Bucky watches as Steve steps into the platform, getting ready to go back. “I’ll miss you, buddy,” he tells him.

Steve looks at him, a glint in his eye, sorrow. Then a sad smile crosses his face and he’s gone.

A few seconds pass and Bucky waits with bated breath.

“Where is he?” Sam asks, looking to Bruce.

“I don’t know, he flew past his entrance,” Bruce explains as he presses buttons and flips switches on his panel.

Bucky looks around, having heard the sound of a body landing on wood a few seconds ago, too quiet for Bruce or Sam to pick up. His eyes land on the figure sitting on a bench, facing away from them.

“Guys.”  

Both men turn to look at Bucky then at Steve. Sam hurries over to him and they speak. It’s quick and before long Sam comes back and begins taking to Bruce.

As Bucky approaches his confusion grows. He can see that Steve’s hair is still a shade of dirty blonde, his shoulders still broad and powerful, albeit sagging forward as Steve rests his elbows on his knees and clasps his hands together. He looks the same.

“Stevie?” Bucky asks quietly, gently.

When Steve turns to look at him Bucky suddenly understands it all. Steve looks the same, but he’s different, changed. There’s a look in his eyes, that Bucky recognizes instantly because he’s seen it in his own face so many times. Steve looks weary for all the world. To anyone else, to Sam and Bruce, he looks identical. But Bucky recognizes the bags under his eyes, the haunted look that's taken residence in the depths of those baby blues. He sits down on the bench, one knee sticking out far enough to touch Steve’s. A simple point of contact, a way to let Steve know that Bucky's here with him.  

“I went back,” Steve says.

Bucky turns to look at Steve, eyebrows furrowed in confusion. “And?”

“I went back,” Steve repeats. His hands tighten. “And I found her. I went to the dance hall right on time. And we danced all night. I explained to her what I could, about the stones, about the future, all of it. She understood most of it of course,” Steve chuckles, “She was always so brilliant, of course she understood it. I told her I would love to be her dance partner, if she’d still have me. She said if she said no there was a line of about a thousand girls willing to say yes.”

Bucky smiles, knowing how women used to fawn over Steve once they realized he was Captain America, and sometimes before.

“She said yes. And I tried, Bucky I really tried. To enjoy that life, that time, but I couldn’t. I tried to make it work with Peggy, tried to get a job as a firefighter.”

“Even then, you couldn’t stop helping people,” Bucky notes.

Steve chuckles, “I knew you’d get a kick out of that.” He’s quite for a second before saying, “I also went to see your mom. She’s the one that gave me the idea.”

Bucky’s breath catches in his throat.

“I tried to explain to her too, but I couldn’t explain all of it.
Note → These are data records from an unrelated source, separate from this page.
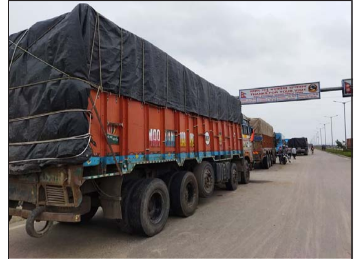
सुकखा बन्दरगाह-परवानीपुर सडकखण्डमा लामबद्ध सवारीसाधन ।

प्रस, वीरगंज, ११ असोज / जिल्ला ट्राफिक प्रहरी कार्यालय पर्सबाट सुकखा बन्दरगाहमा खटिएका गृह मन्त्रालयले कुनै पनि बहानामा उद्योगसम्म जाने सवारीसाधनहरूलाई सो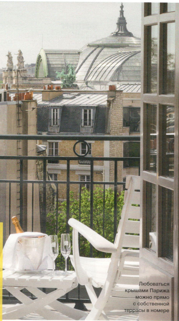
Любоваться крышами Парижа можно прямо с собственной террасы в номере

Рестораны под предводительством великого Эрика Фрешона – особенно награжденный тремя звездами «Мишлен» Epicure: в нем даже на завтрак собираются самые модные персонажи города! В теплое время года обязательно закажите столик в саду. Ну и еще не могу не упомянуть бассейн с панорамными окнами и видом на Эйфелеву башню, расположенный под крышей отеля.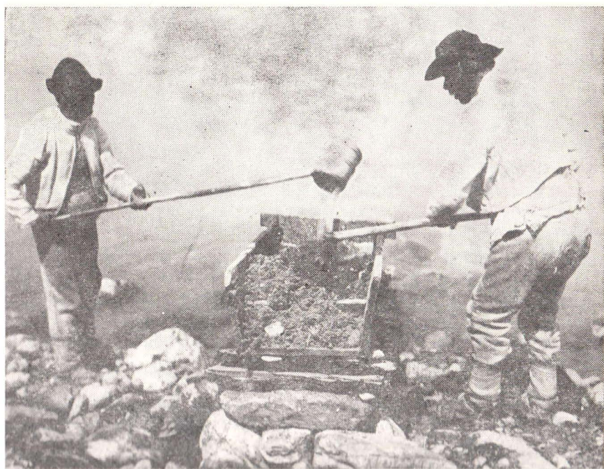
Fig. 5. Spălători de aur din Lupșa, Valea Arieșului.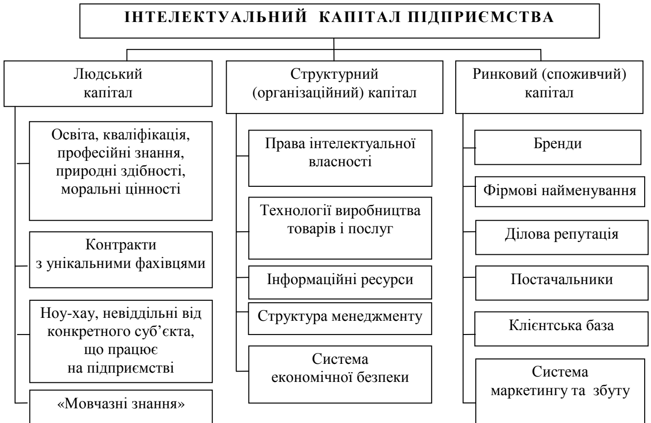
Рис. 1. Структура інтелектуального капіталу підприємства

Таким чином, інтелектуальний капітал запропоновано розуміти як сукупність знань, досвіду, вмінь працівників, відносин зі споживачами та партнерами, брендів, ділової репутації та інших невідчутних елементів, за допомогою яких створюються продукти інтелектуальної власності, отримується додатковий прибуток й забезпечується конкурентоспроможність підприємства на ринку.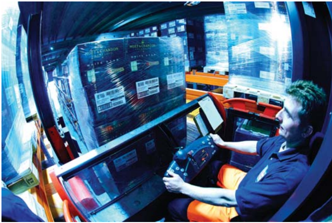
מפעיל מלגת צריח במחסן של ספק השירותים הלוגיסטיים Geodis

מומחיות: האזור הפלמי הוא בעל היסטוריה ארוכה של פעילויות לוגיסטיקה והפצה אל פנים היבשת וממנה אל כל העולם. כוח-העבודה הפלמי מדורג כאחד מכוחות-העבודה היעילים ביותר בעולם, בתפוקה לשעת עבודה. מרבית העובדים הפלמים הם רב-לשוניים (Multilingual), ודוברים את השפות: פלמית, צרפתית, גרמנית ואנגלית.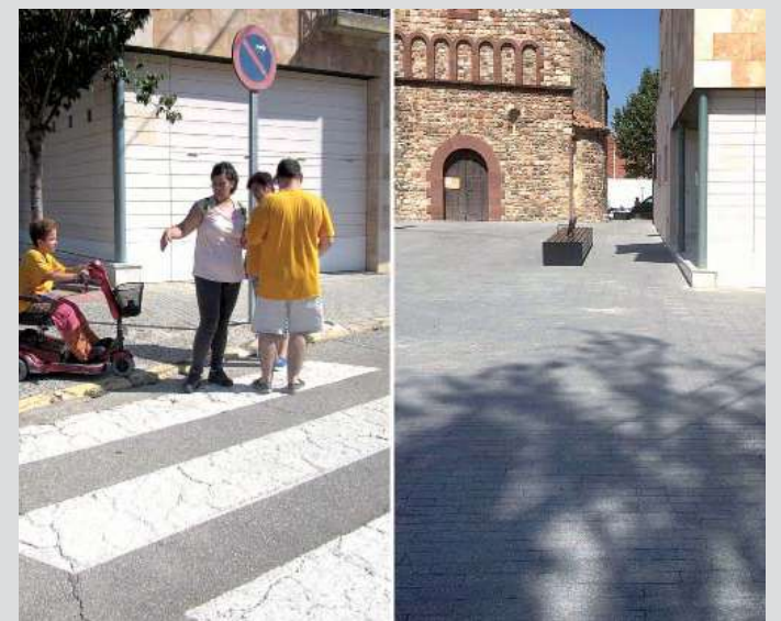
Rampa insuficient a la plaça de l'Església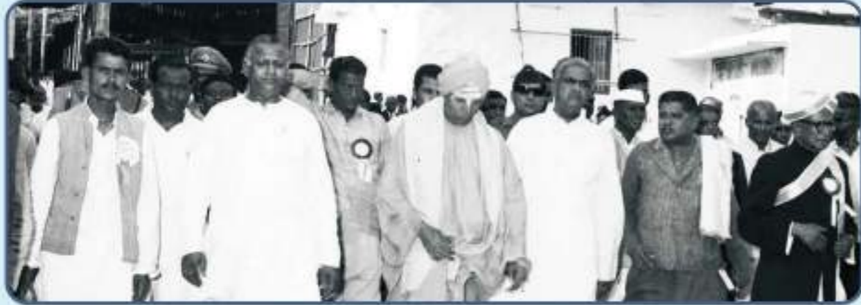
ಸ್ವಾಮೀಜಿ ಅವರೊಂದಿಗೆ ಮಠದ ಆವರಣದಲ್ಲಿ ಹೆಣ್ಣು ಜಾಕುತಿರುದ ಅಂದಿನ ಮುಖ್ಯಮಂತ್ರಿ ದೇವರಾಜ ಅರಸು ಜಾಗೂ ಅಂದಿನ ರಾಜ್ಯಪಾಲರಾದ ಬೋಪ್ಪಲಾಲ್ ಸುಮಾರಿಯಾ

You understand.”

Bucky nods, thankful that Steve spared her the painful details.

“She told me she’d accept you in any way, but she ‘knew her stubborn Jaime’ and that if you didn’t come back then it was for the best.”

A sob rips free of Bucky’s mouth against his will. It burns like fire, clawing its way out of his throat and into the world. He had completely forgotten that his mom called him that. That she was the _only_ person who had ever called him that.

Steve looks at him, eyes gleaming too. “She told me to give you this.”

He reaches into his pocket and pulls out two small squares. He holds them out and Bucky takes them with trembling fingers. It’s two pictures that pierce straight into his soul. One is of his family. His mom and sisters all together, so vibrant and full of life. Big grins outlined in lipstick and hair pinned back in a style Bucky remembers took eons to perfect. The other is of him and Steve. Scrawny, skinny, lanky Steve next to Bucky.

“That second one-” Steve says, “I’d appreciate it if you didn’t show it to anyone else. It kind of ruins the illusion.”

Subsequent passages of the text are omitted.